**Task directions**: No pictures belong in the copy. Restate the rest of the data exactly.

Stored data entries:
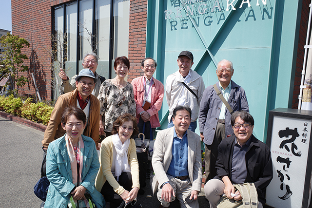 記念樹の元気な姿を確認した後、近くの日本盛酒蔵通り煉瓦館へ。レストランで銘酒とお料理を楽しみながら、関大現役生の活躍や今年度の支部活動について、明るく語り合いました。
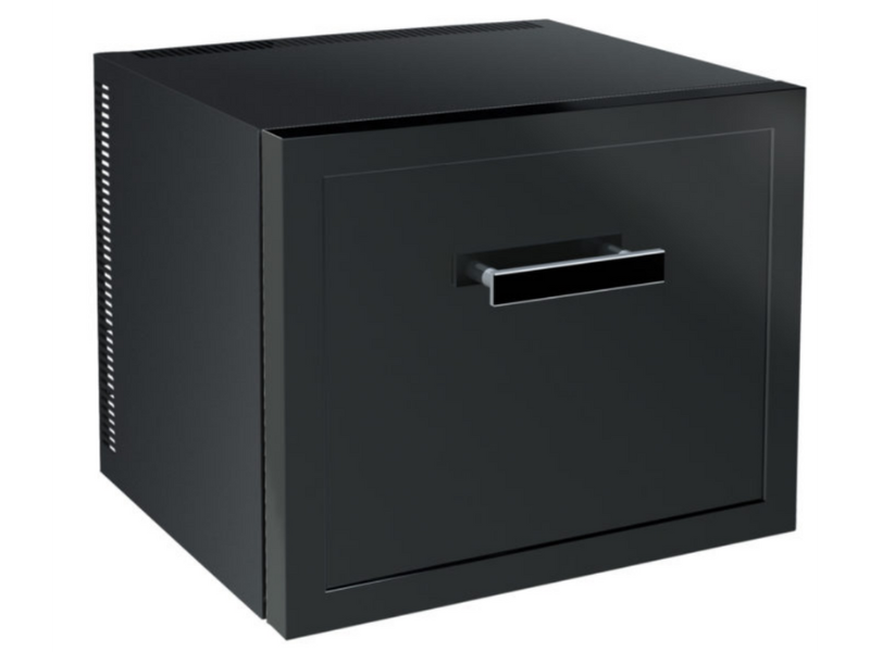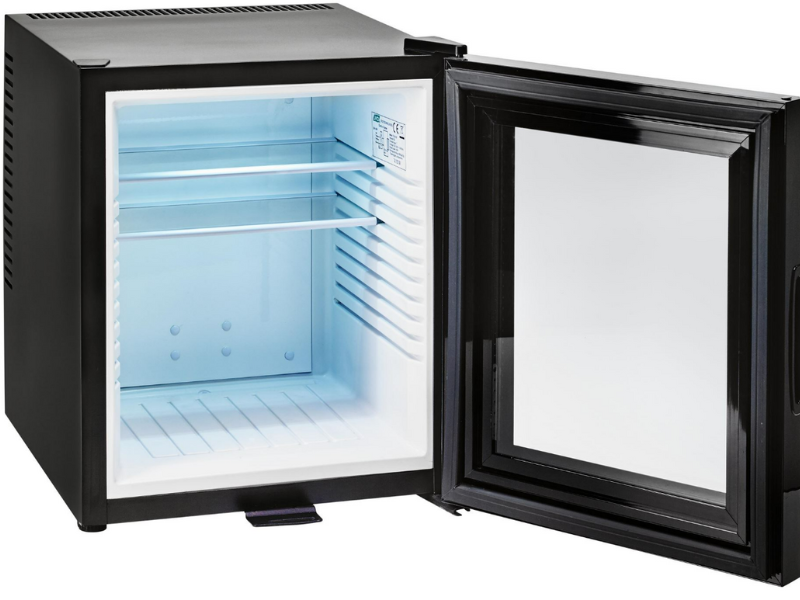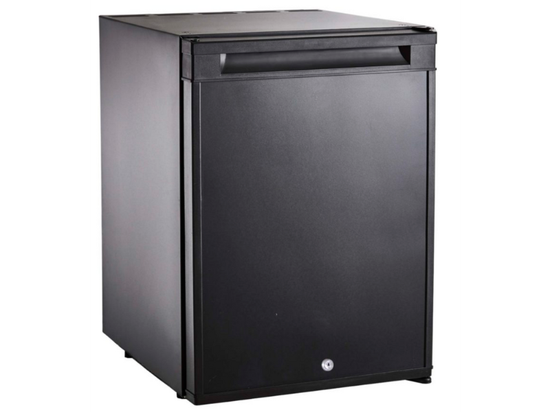 This compact JVD thermo-absorption minibar fridge is ideal for hotel and motel rooms, offering completely silent operation with low energy consumption. Designed for guest comfort, it uses ammonia-free R600a refrigerant and features a tempered glass door for easy product visibility.
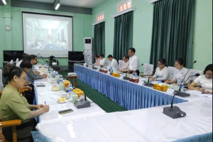 အစည်းအဝေးတွင် ဆောက်လုပ်ရေးလုပ်ငန်းများ ဆောင်ရွက်ပြီးစီးမှု အခြေအနေနှင့် ဘဏ္ဍာငွေသုံးစွဲ ပြီးစီးမှု အခြေအနေများကို ပုံနှိပ်ရေးနှင့်ထုတ်ဝေရေးဦးစီးဌာန ညွှန်ကြားရေးမှူချုပ်က Power Point Presentation ဖြင့် ရှင်းလင်းပြသခဲ့ပြီး
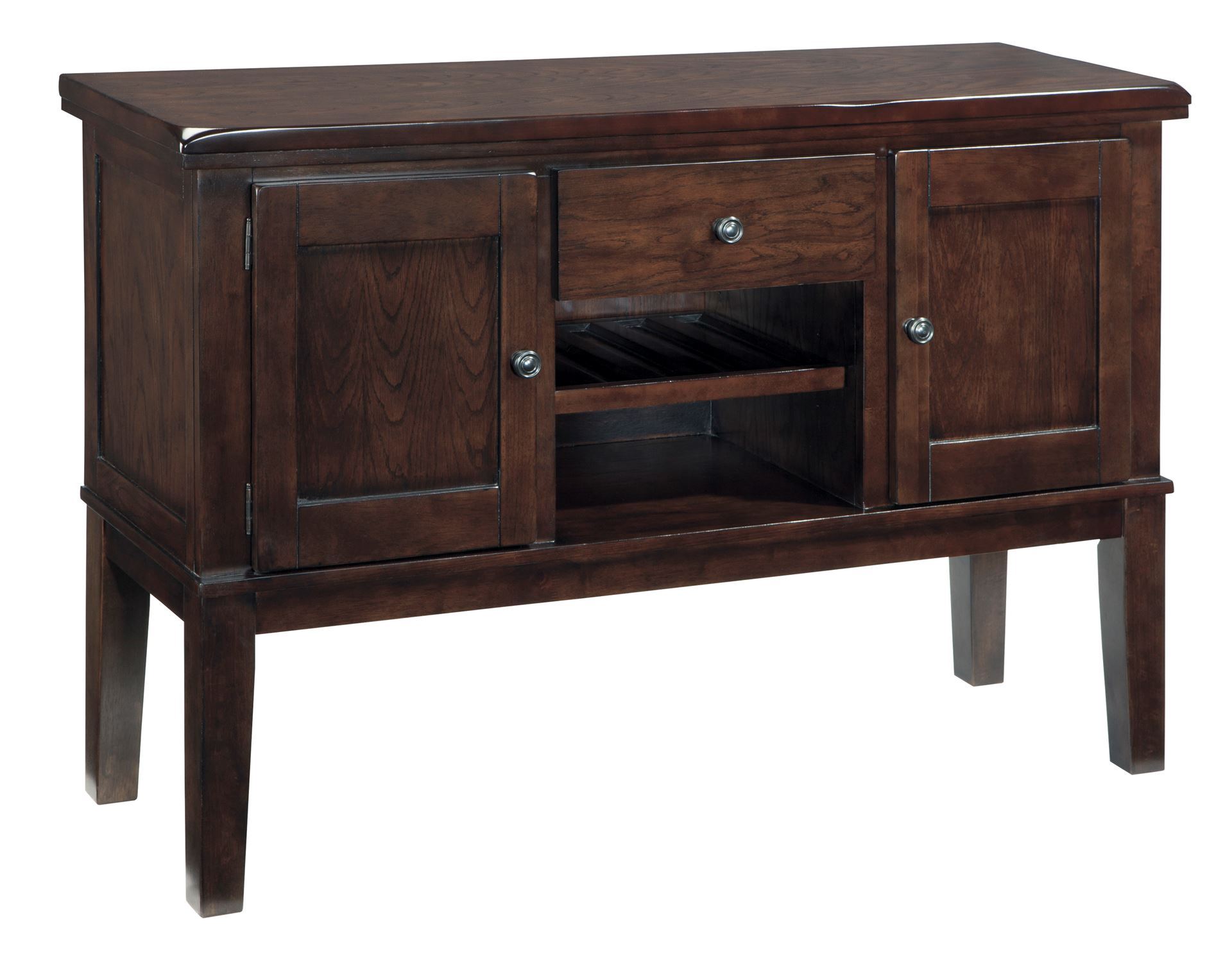 Server has fully finished drawer boxes with ball bearing side guides. Sturdy looking knobs have detailed ring design and finished in a bronze color with golden undertones.
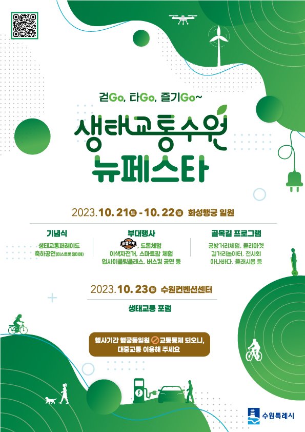 10월 23일에는 수원컨벤션센터에서 ‘시민공감 시민주도 생태교통 활성화 방안’을 모색하는 ‘생태교통 수원 포럼’을 개최한다.
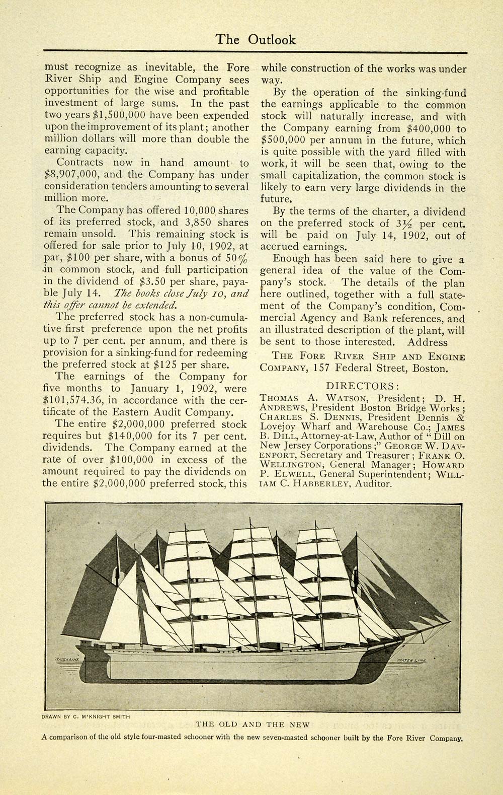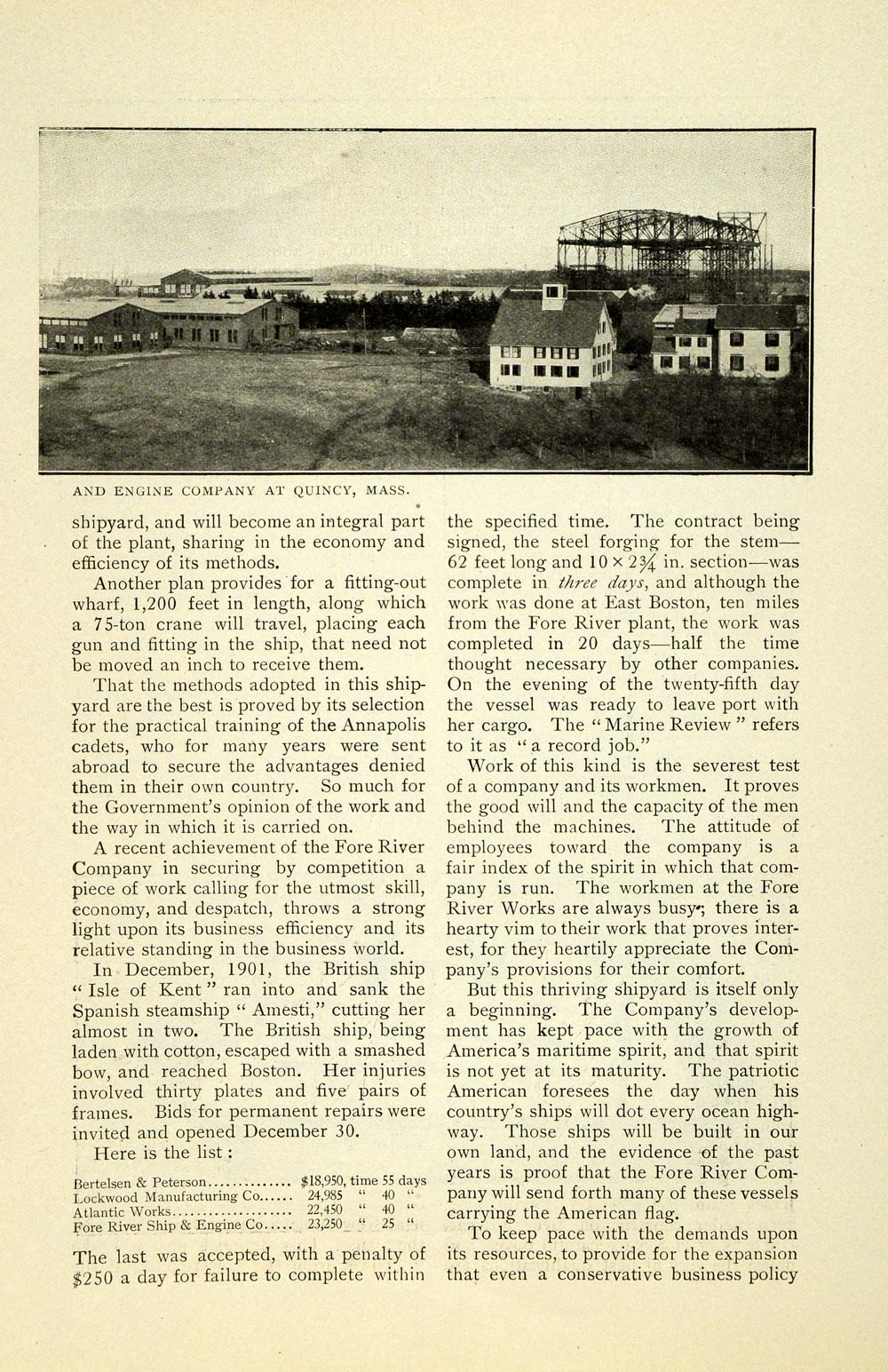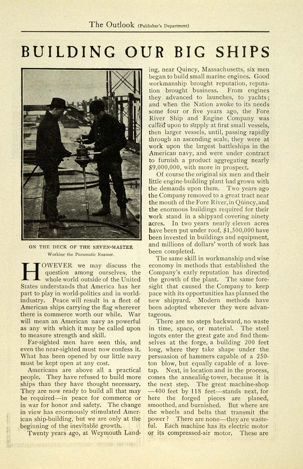 This is an original 1902 four-page article (two double sided pages) by The Fore River Ship and Engine Company, located at 157 Federal Street in Boston, Massachusetts. This article discusses shipbuilding, as well as noteworthy and historic ships. Please see additional images.
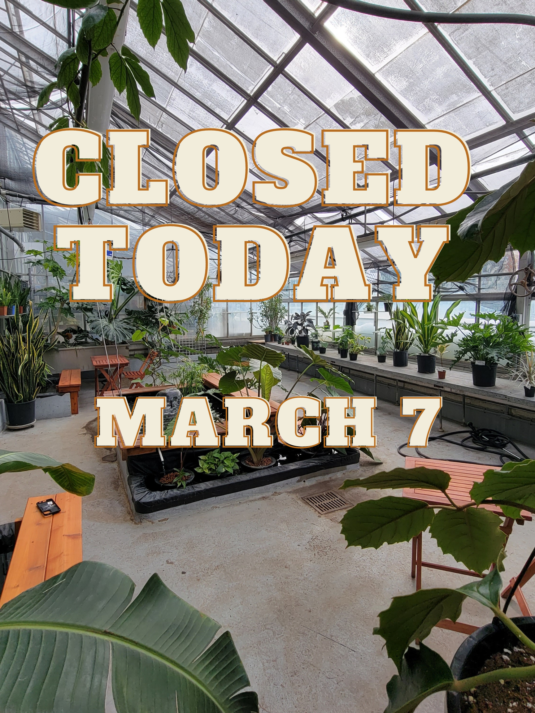 Hey everyone, we will be closed today for staff training. Sorry for the inconvenience. We will be back Wednesday (March 8th) with sunshine and more greenery!

**Output for this task**:
 記念樹の元気な姿を確認した後、近くの日本盛酒蔵通り煉瓦館へ。レストランで銘酒とお料理を楽しみながら、関大現役生の活躍や今年度の支部活動について、明るく語り合いました。
 This compact JVD thermo-absorption minibar fridge is ideal for hotel and motel rooms, offering completely silent operation with low energy consumption. Designed for guest comfort, it uses ammonia-free R600a refrigerant and features a tempered glass door for easy product visibility.
 အစည်းအဝေးတွင် ဆောက်လုပ်ရေးလုပ်ငန်းများ ဆောင်ရွက်ပြီးစီးမှု အခြေအနေနှင့် ဘဏ္ဍာငွေသုံးစွဲ ပြီးစီးမှု အခြေအနေများကို ပုံနှိပ်ရေးနှင့်ထုတ်ဝေရေးဦးစီးဌာန ညွှန်ကြားရေးမှူချုပ်က Power Point Presentation ဖြင့် ရှင်းလင်းပြသခဲ့ပြီး
 Server has fully finished drawer boxes with ball bearing side guides. Sturdy looking knobs have detailed ring design and finished in a bronze color with golden undertones.
 10월 23일에는 수원컨벤션센터에서 ‘시민공감 시민주도 생태교통 활성화 방안’을 모색하는 ‘생태교통 수원 포럼’을 개최한다.
 This is an original 1902 four-page article (two double sided pages) by The Fore River Ship and Engine Company, located at 157 Federal Street in Boston, Massachusetts. This article discusses shipbuilding, as well as noteworthy and historic ships. Please see additional images.
 Hey everyone, we will be closed today for staff training. Sorry for the inconvenience. We will be back Wednesday (March 8th) with sunshine and more greenery!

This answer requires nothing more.